April 17th, 2021

munkacsy_parc_monceau

Reset Nineteen, Day Seventeen

Friday was not memorable. Though I didn't wake up until near noon, that was only about six hours of sleep, and around sunset I felt very tired and almost took a nap, but decided to push through and wait until after midnight. That meant I didn't feel like cooking dinner, and I ended up waiting until much later when I just had some peanut butter and orange marmalade on toast, with a glass of chocolate milk. A kid's lunch instead of an adult dinner was probably not the best idea, but it's too late to second guess myself mow.

It's late indeed, going on six o'clock. I'm not sure how well I'll sleep today, since the high is going to be 85 degrees, and the apartment will probably get too warm around noon.

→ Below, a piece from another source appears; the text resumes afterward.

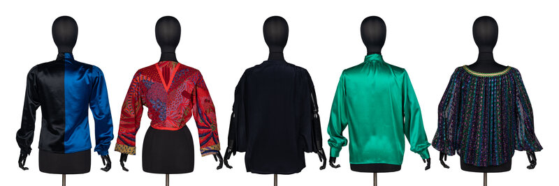 Bicolor blouse royal blue and black silk charmeuse. Mandarin collar; buttoned panels at front shoulders. Full length sleeves with buttoned cuffs; box pleats at shoulder heads. Shoulder pads. Pleats at blouse front. Rhinestone button closures at front. Unlined.

Sometimes when it gets too warm I can just imagine myself lazing on the beach and that sometimes lets me return to sleep, but it doesn't always work. Odds are I'll end up short of sleep again today and end up needing a nap this evening. The high was earlier predicted to be 90 today, but that has been postponed until Sunday, with Monday added for good (or bad) measure. Displeasure will inevitably ensue.

The lizard made no appearance Friday, but the mockingbird was singing off and on all afternoon, and several times overnight. It might be trying to attract a mate. I don't know that much about mockingbird behavior. I'm glad to have it around though. It's a nice distraction from the general monotony, and a much more pleasant one than the occasional noise generated by the car fans who are still having their gatherings in the old Kmart parking lot on Friday and Saturday nights. Impromptu drag strips don't make the best neighbors.

As warm as the days have become, the nights have remained blessedly cool for now, and once the freeway calms down at night it is pleasant enough to sit in the back yard, missing the stars. The waxing crescent moon was visible for a while, in its springtime grin configuration, but even that has grown blurry to my failing eyes. Even if the sky here were dark enough to reveal stars, they'd be blurry too. I've pretty much resigned myself to never seeing actual starry sky again, and will content myself with photographs and the occasional glance at a Van Gogh in digital form. And maybe some day (or night) I'll find myself dreaming of the night sky as I used to see it, and maybe I'll even remember it when I wake up. Maybe it will be today. The prospect might help me get to sleep now.